## TASK
Reproduce verbatim the lines of the material below, starting at the line with "青汁 19%割引 キューサイ" and ending at the line with "Quick spicy ramen", both inclusive; skip the rest.
─── RECORDS FOR THIS EXERCISE
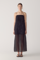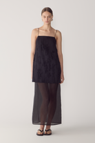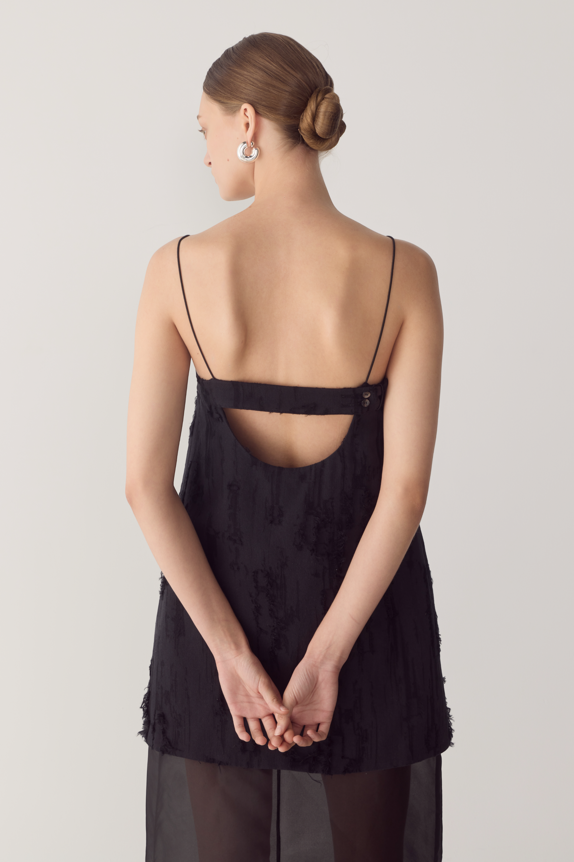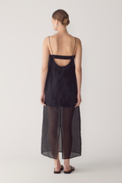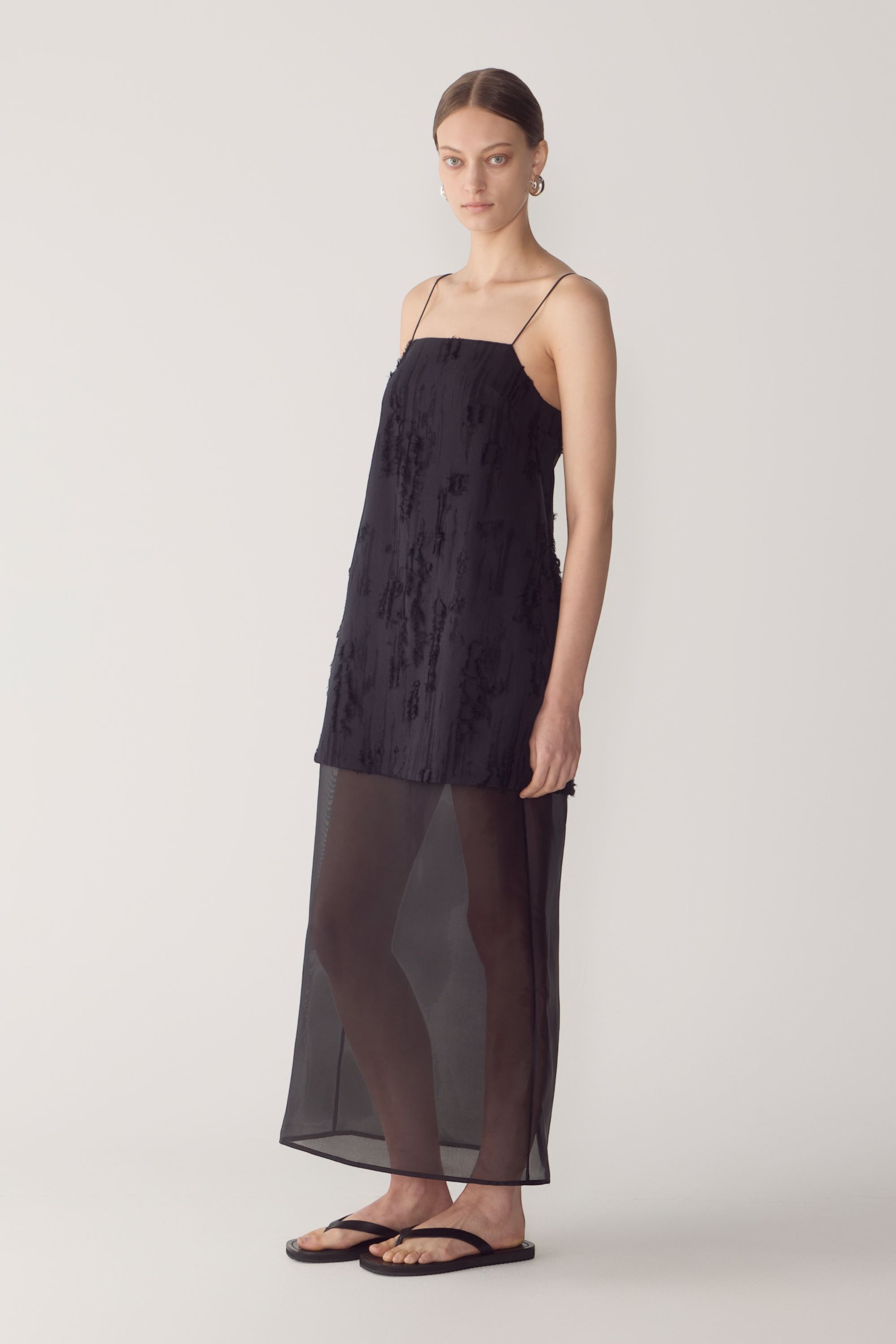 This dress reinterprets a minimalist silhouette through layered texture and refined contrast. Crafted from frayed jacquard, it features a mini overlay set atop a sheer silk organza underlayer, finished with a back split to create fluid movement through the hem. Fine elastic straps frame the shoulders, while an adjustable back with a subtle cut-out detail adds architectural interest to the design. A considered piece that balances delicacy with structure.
──────
─── RECORDS FOR THIS EXERCISE
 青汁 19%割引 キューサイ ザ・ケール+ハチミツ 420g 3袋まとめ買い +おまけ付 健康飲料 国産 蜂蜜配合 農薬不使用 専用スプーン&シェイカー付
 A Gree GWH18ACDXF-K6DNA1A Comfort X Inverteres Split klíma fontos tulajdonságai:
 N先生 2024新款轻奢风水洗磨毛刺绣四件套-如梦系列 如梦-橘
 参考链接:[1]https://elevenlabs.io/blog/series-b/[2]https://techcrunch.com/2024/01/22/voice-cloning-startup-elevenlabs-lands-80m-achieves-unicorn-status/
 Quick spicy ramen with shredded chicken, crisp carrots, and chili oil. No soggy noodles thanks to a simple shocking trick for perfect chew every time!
──────
## RESPONSE TO THIS TASK
 青汁 19%割引 キューサイ ザ・ケール+ハチミツ 420g 3袋まとめ買い +おまけ付 健康飲料 国産 蜂蜜配合 農薬不使用 専用スプーン&シェイカー付
 A Gree GWH18ACDXF-K6DNA1A Comfort X Inverteres Split klíma fontos tulajdonságai:
 N先生 2024新款轻奢风水洗磨毛刺绣四件套-如梦系列 如梦-橘
 参考链接:[1]https://elevenlabs.io/blog/series-b/[2]https://techcrunch.com/2024/01/22/voice-cloning-startup-elevenlabs-lands-80m-achieves-unicorn-status/
 Quick spicy ramen with shredded chicken, crisp carrots, and chili oil. No soggy noodles thanks to a simple shocking trick for perfect chew every time!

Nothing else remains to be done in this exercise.